Life's a party. With place cards.

I've been doing a lot of thinking these last couple of weeks. They've been tough. The hubster's father went in for a routine laproscopic gall bladderectomy (I know, it's a cholecystectomy but face it, if I said he was going in for a cholecystectomy would you know what that was? I sure as hell wouldn't) and two weeks later he had died. Stop rolling your eyes, that's the way I am and always have been. I don't use the term "pass away". I think it's vague and, frankly, says absolutely nothing. It sounds harsh to a lot of people, but in my world, people die. We don't "pass in" to this world, we're born. Why is it so distasteful to say we leave it by death? It's what it is. Saying someone "passed away" isn't going to make it any easier and, frankly, saying someone died isn't going to increase the personal difficulty or change the situation for the better. But I digress...

It has been a tough few weeks. First off, there was the "drop everything and run to the hospital because I'm working in another state and don't want to leave until the week-end when it's convenient" call. Which we did. Two days vacation shot. Okay, I had the time coming but still...

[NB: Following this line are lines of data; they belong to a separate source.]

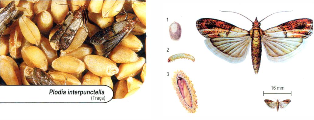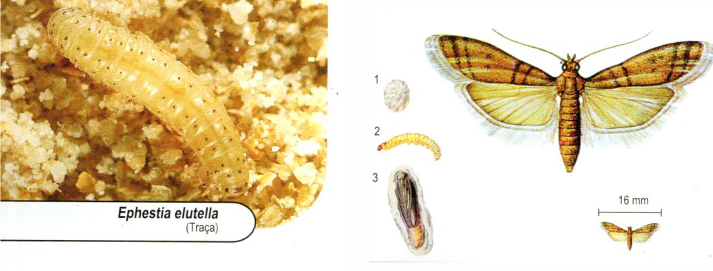 Pupas – Podem formar-se imediatamente, transformando-se em traças adultas. Porém, grande parte apenas se transforma no ano seguinte, mantendo a infestação.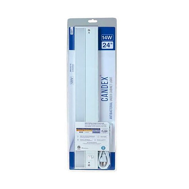 • 24" (60.9cm) 120V 14W 850 Lumen antibacterial debajo de la luz del gabinete.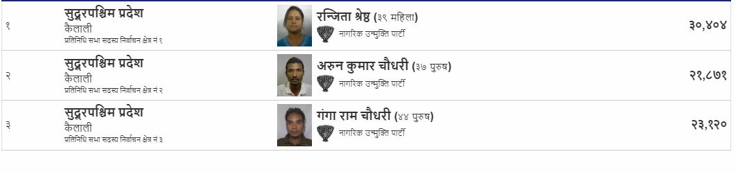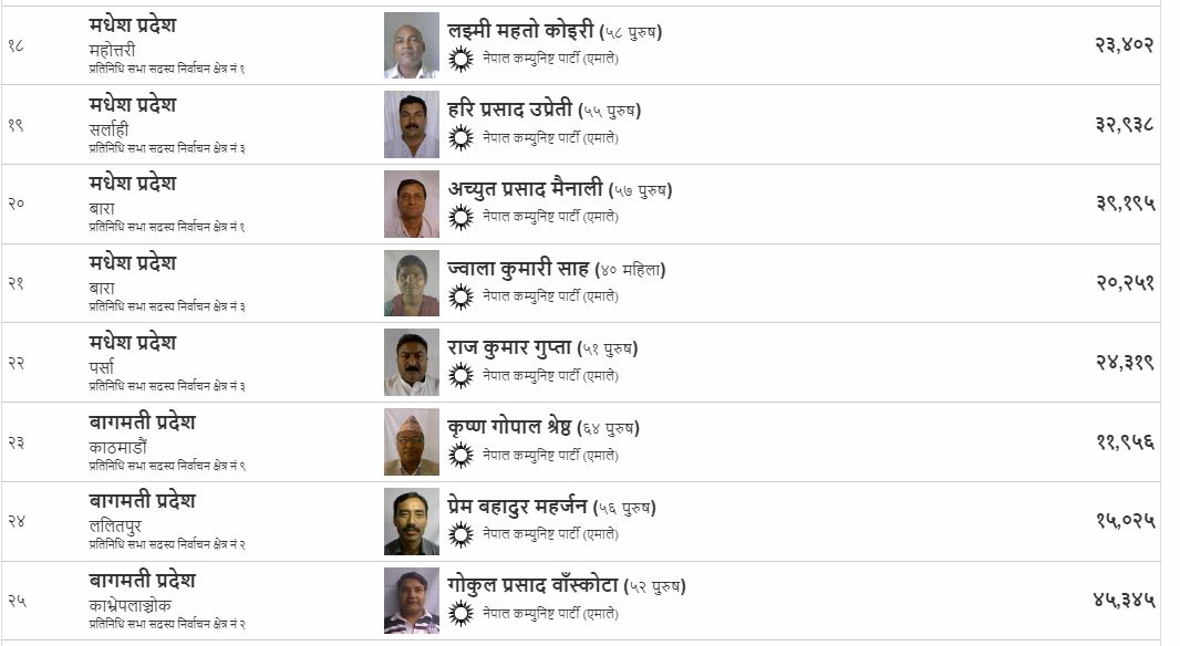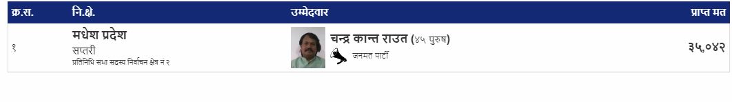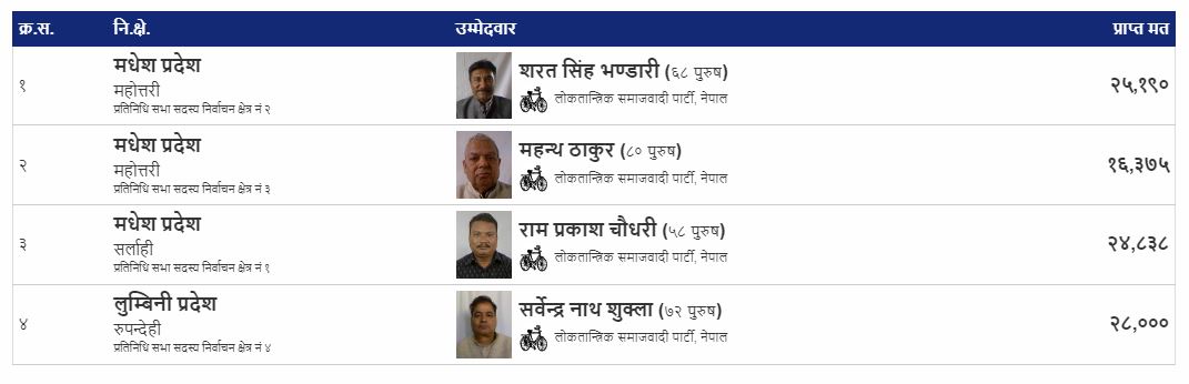 त्यस्तै लोकतान्त्रिक समाजवादीले ४, नागरिक उन्मुक्ति पार्टीले ३, राष्ट्रिय जनमोर्चाले १, नेपाल किसान मजदुर पार्टीले १ र जनमत पार्टीले १–१ स्थानमा जित हासिल गरेका छन् ।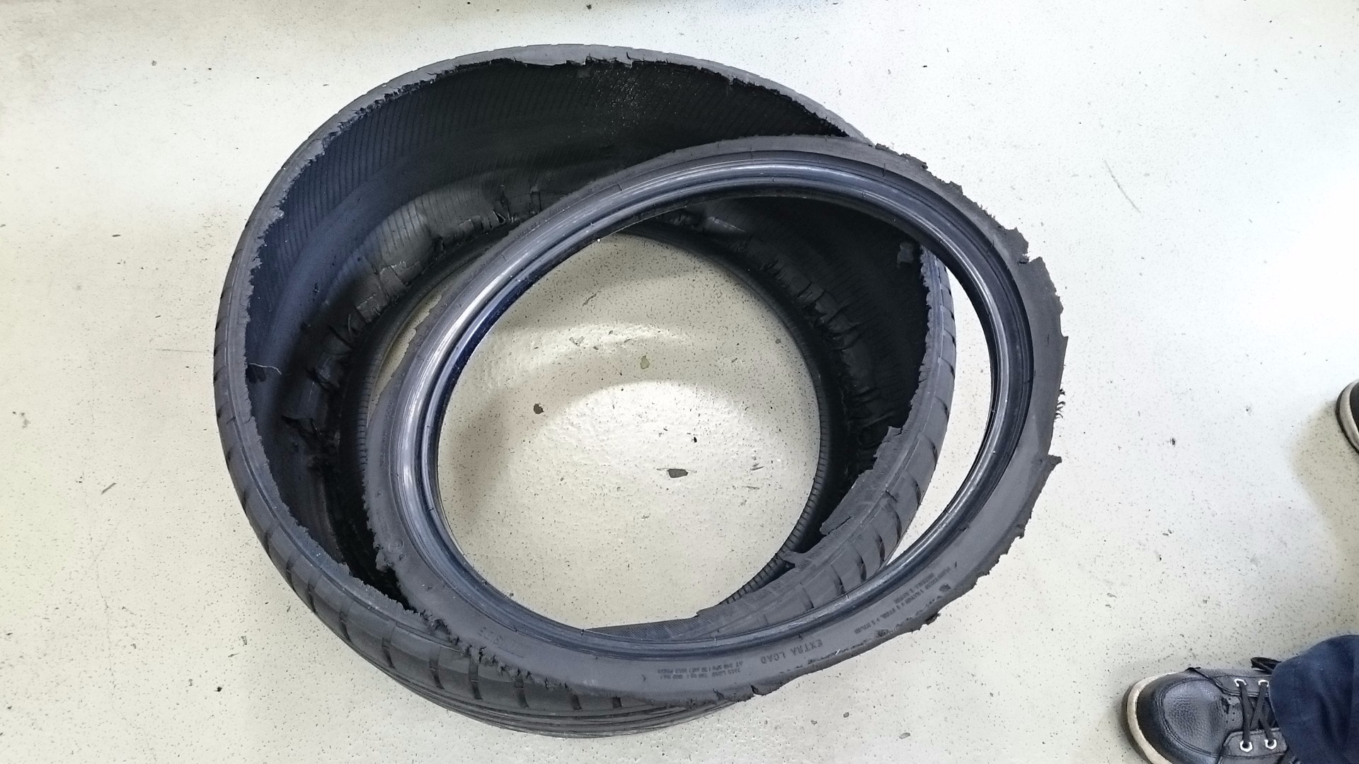 取り外したタイヤはもはやバーストしてシャンプーハットのようになっていました(怖)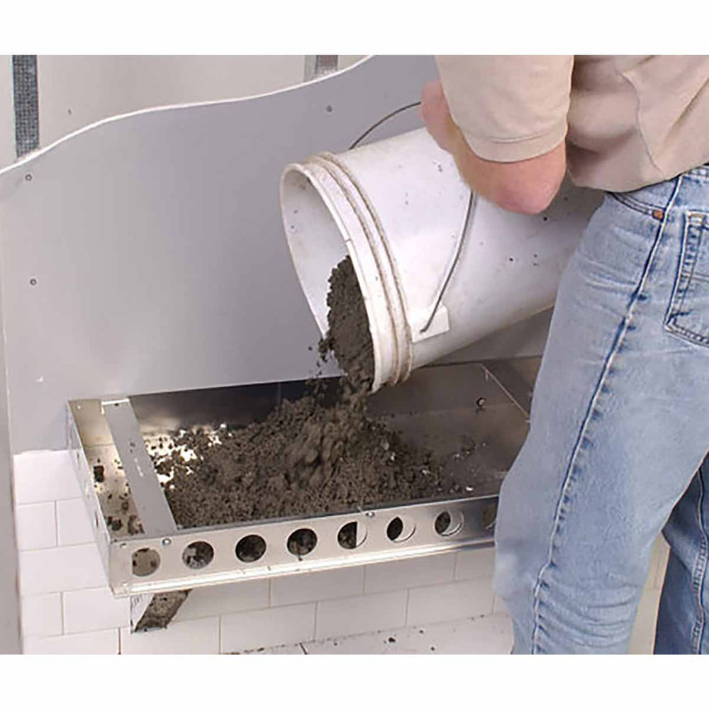 Then what? Fill the entire bench with the mortar, and pack it tight as you go with a wood float, block of wood or even a steel trowel. Make sure the material is in all corners completely. Allow the mortar to build up about 1/4 – 3/8 of an inch along the back wall(s) of the unit and screed it flush to the front lip to provide adequate drainage of the horizontal surface (this is not necessary in “dry” areas). Then add a small amount of water to the remaining mix to make it a little bit stickier. You will then apply this mix to the front face and screed it flush with the top and bottom edge of the channel. allow the unit to set sufficiently prior to beginning your tile process.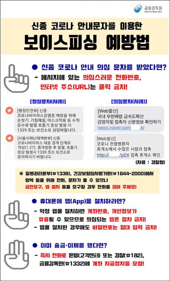 또한 보건당국을 가장해 검사비용과 치료비용 등 금전을 요구하거나 자영업자들을 대상으로 확진자 등을 사칭해 금전을 요구하는 방식의 보이스피싱도 잇따르고 있다.

FIL looked stronger than I was led to believe but it didn't last. He declined with dizzying speed, life support was employed and, after a week, removed, and that was that. The relationship between us has always been strained, if I hadn't given birth to his grandsons I doubt we would speak at all, he never liked me much although he was always a good host. I have a mouth and I open it. This is NOT what Italian men warm up to. He also didn't care for the way I raised my kids. Twenty plus years of NOT farming the boys out to housekeepers and babysitters so we could go to every party on the planet. Twenty plus years of staying home with my kids rather than accept every "adults only" invitation to their home. Seriously! When he turned 70 there was a big birthday party, we were invited. Oh, but no grandchildren. Their home wasn't childproofed and this really wasn't a kids event. A BIRTHDAY PARTY? Now granted, this was the doing of my step-mother-in-law, who spent the time she wasn't working and/or planning parties (that other people would end up paying for) making lists of what gifts she had received so she could change the tag on them and give them to someone else.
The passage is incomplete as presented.